(Description of the task)
From the line containing "Nářadí v plastovém" to the line containing "很多人偏爱晴天赏花,阳光明媚" in the records below, set down every line exactly as it stands, both ends included, and skip the pictures.

(Input material)
__________
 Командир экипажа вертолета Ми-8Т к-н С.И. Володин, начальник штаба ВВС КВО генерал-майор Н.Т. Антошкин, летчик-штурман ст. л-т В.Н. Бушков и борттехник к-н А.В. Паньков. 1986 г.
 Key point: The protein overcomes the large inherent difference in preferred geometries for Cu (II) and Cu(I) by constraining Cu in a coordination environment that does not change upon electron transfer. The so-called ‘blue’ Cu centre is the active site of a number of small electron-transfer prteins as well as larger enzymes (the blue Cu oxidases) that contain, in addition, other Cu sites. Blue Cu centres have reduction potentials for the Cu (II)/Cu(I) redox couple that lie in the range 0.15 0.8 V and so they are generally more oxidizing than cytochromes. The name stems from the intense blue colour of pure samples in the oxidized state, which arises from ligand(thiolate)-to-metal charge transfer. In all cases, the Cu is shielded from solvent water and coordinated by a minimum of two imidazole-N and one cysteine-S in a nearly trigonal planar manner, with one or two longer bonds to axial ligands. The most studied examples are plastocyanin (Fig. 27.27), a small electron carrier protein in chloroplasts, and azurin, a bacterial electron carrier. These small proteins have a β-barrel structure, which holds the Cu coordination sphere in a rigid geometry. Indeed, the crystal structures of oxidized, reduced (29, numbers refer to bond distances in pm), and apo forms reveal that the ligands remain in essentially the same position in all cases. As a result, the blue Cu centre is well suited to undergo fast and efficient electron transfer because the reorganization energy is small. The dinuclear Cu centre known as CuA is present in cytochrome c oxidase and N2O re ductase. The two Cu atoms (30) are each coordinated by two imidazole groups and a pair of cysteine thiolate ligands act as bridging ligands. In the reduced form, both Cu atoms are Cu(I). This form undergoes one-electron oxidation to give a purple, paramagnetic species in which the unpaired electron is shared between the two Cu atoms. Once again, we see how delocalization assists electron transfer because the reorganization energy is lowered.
__________
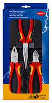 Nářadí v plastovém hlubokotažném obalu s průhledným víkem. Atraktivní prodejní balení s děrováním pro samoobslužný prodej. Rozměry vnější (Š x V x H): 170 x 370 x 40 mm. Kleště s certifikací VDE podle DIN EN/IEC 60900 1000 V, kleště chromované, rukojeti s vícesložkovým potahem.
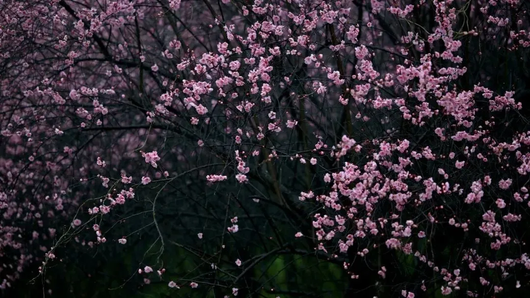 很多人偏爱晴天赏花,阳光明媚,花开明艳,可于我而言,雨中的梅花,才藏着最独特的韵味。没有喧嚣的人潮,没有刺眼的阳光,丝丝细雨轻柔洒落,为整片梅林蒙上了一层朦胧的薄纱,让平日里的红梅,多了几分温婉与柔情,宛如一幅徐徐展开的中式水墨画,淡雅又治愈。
__________
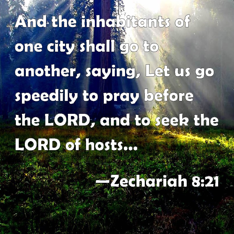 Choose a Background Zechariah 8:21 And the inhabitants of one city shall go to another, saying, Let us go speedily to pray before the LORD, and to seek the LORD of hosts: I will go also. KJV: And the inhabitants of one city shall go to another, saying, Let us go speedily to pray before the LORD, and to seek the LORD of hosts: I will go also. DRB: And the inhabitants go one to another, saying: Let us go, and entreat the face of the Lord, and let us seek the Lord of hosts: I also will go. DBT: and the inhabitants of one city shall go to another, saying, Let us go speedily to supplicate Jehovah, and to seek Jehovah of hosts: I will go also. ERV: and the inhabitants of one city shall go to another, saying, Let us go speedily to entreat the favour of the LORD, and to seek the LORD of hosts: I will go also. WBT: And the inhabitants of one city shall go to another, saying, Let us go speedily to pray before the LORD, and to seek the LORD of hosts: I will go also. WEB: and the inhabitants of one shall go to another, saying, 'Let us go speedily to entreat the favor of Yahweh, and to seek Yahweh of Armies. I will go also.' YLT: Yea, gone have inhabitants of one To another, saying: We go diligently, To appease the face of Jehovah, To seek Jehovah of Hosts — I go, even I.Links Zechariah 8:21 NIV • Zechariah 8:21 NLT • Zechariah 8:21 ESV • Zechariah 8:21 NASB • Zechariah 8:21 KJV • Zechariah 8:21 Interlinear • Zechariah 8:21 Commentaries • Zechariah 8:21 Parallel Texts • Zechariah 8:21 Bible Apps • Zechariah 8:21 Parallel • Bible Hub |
__________
(Reply to the task)
 Nářadí v plastovém hlubokotažném obalu s průhledným víkem. Atraktivní prodejní balení s děrováním pro samoobslužný prodej. Rozměry vnější (Š x V x H): 170 x 370 x 40 mm. Kleště s certifikací VDE podle DIN EN/IEC 60900 1000 V, kleště chromované, rukojeti s vícesložkovým potahem.
 很多人偏爱晴天赏花,阳光明媚,花开明艳,可于我而言,雨中的梅花,才藏着最独特的韵味。没有喧嚣的人潮,没有刺眼的阳光,丝丝细雨轻柔洒落,为整片梅林蒙上了一层朦胧的薄纱,让平日里的红梅,多了几分温婉与柔情,宛如一幅徐徐展开的中式水墨画,淡雅又治愈。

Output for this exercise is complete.